- **Data**
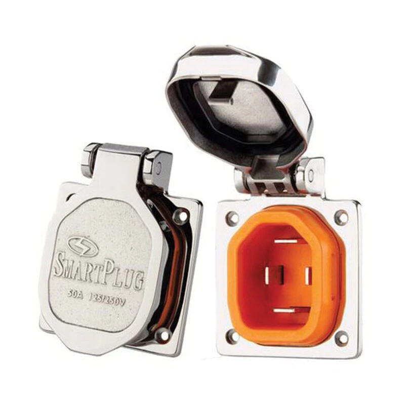 The SmartPlug 50 Amp Stainless Steel Inlet is easily retrofitted to the existing four-hole pattern and footprint of the traditional twist type inlet. The Inlet cap and flange are made of Grade 316 stainless steel and also have multiple locking points to ensure the plug is safe and secure.
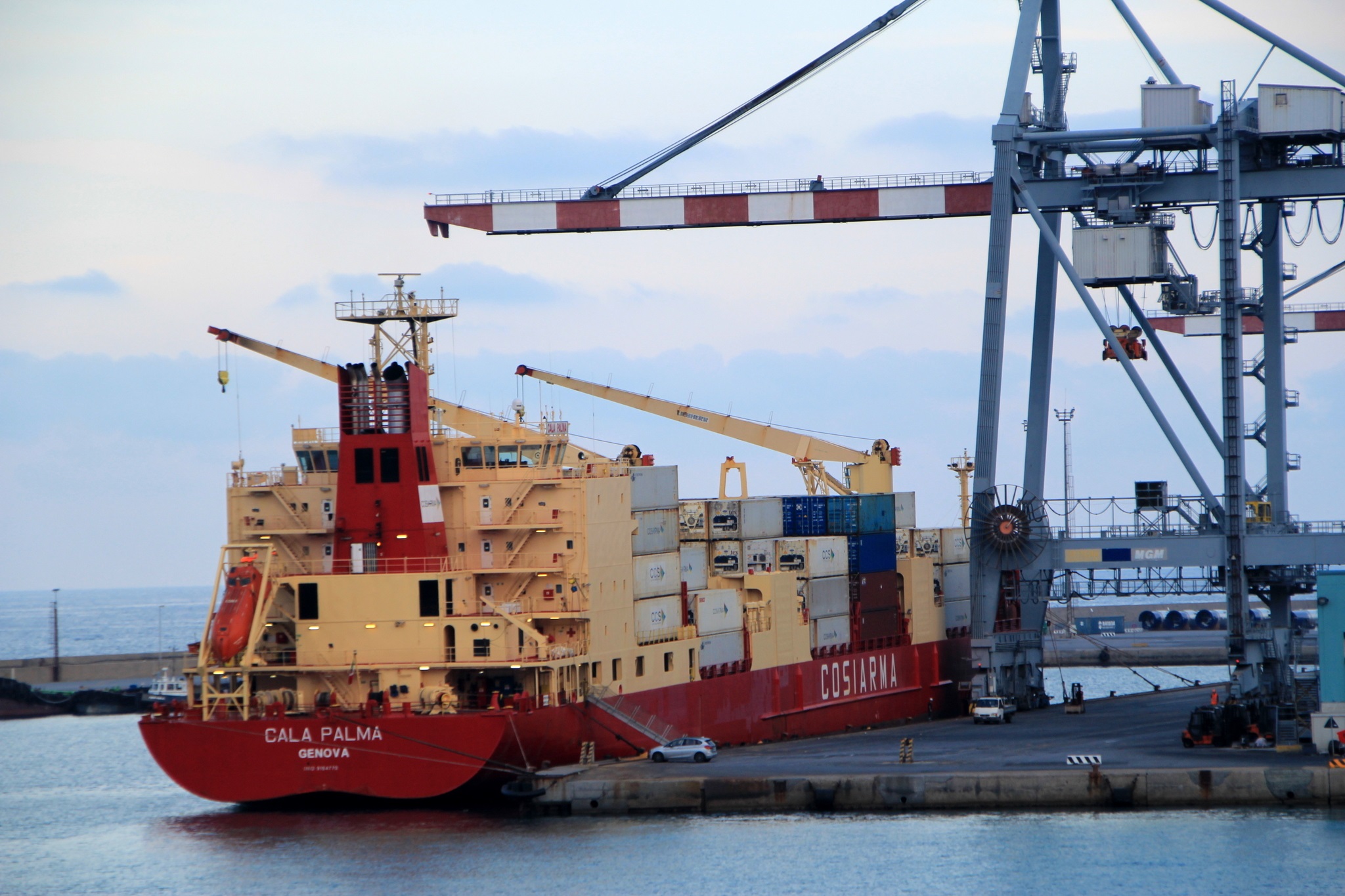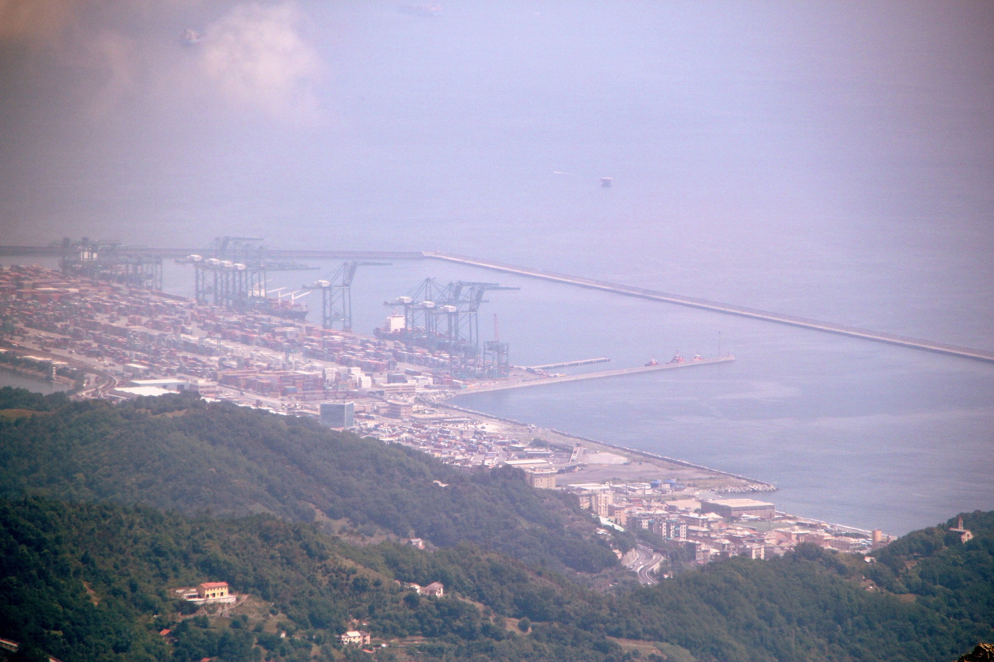 Von weitem - mit Tele aufgenommen, der Fährhafen von Genua |
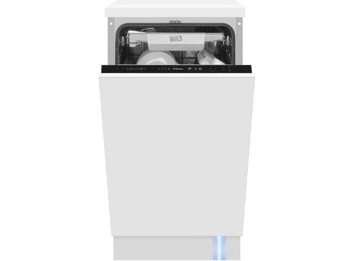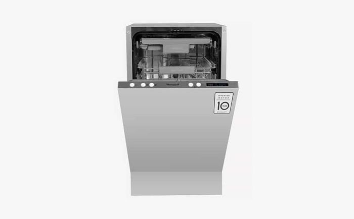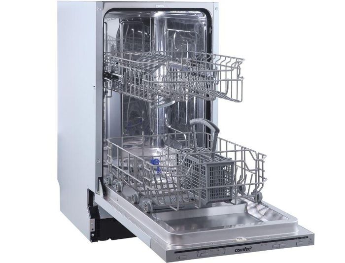 Встраиваемая компактная посудомоечная машина предлагает те же функции, что и крупные модели. Она способна разместить до 10 комплектов посуды. Устройство отличается стильным и современным дизайном, его корпус выполнен в серебристых и серых оттенках. Внутри используется нержавеющая сталь, а камера изготовлена из материала, который не подвержен коррозии и механическим повреждениям от посуды.
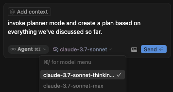 When you ask the agent to use Planner mode, it becomes a project manager. It writes down the goals and plan and tracks the status of every task.
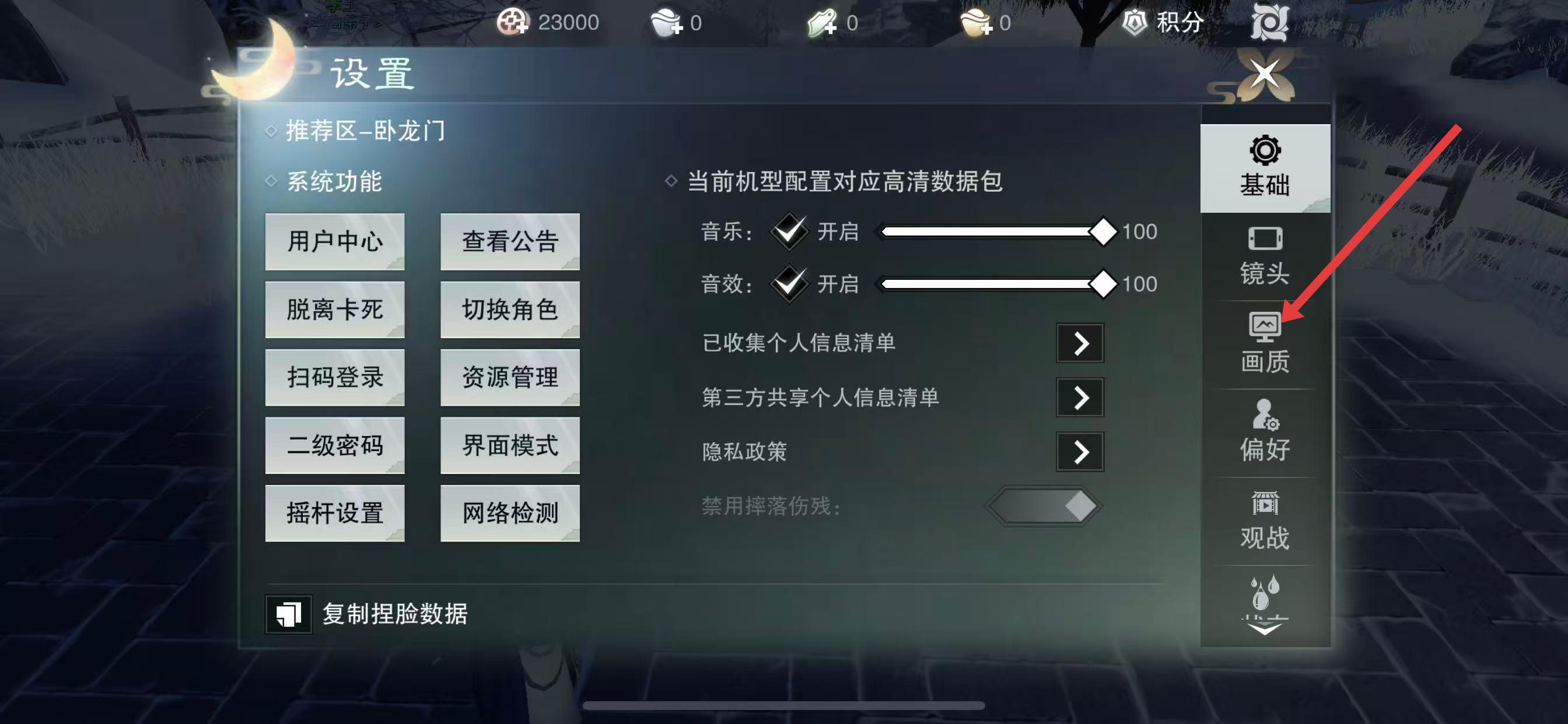 2、進(jìn)入設(shè)置界面后,點(diǎn)擊右側(cè)列表中的畫(huà)質(zhì)選項(xiàng)。

- **What you need to do**
The expected output is the lines from the line that contains "Von weitem - mit" through the last line of the material, reproduced exactly, with both ends present and pictures absent.

- **Response to the task**
 Von weitem - mit Tele aufgenommen, der Fährhafen von Genua |
 Встраиваемая компактная посудомоечная машина предлагает те же функции, что и крупные модели. Она способна разместить до 10 комплектов посуды. Устройство отличается стильным и современным дизайном, его корпус выполнен в серебристых и серых оттенках. Внутри используется нержавеющая сталь, а камера изготовлена из материала, который не подвержен коррозии и механическим повреждениям от посуды.
 When you ask the agent to use Planner mode, it becomes a project manager. It writes down the goals and plan and tracks the status of every task.
 2、進(jìn)入設(shè)置界面后,點(diǎn)擊右側(cè)列表中的畫(huà)質(zhì)選項(xiàng)。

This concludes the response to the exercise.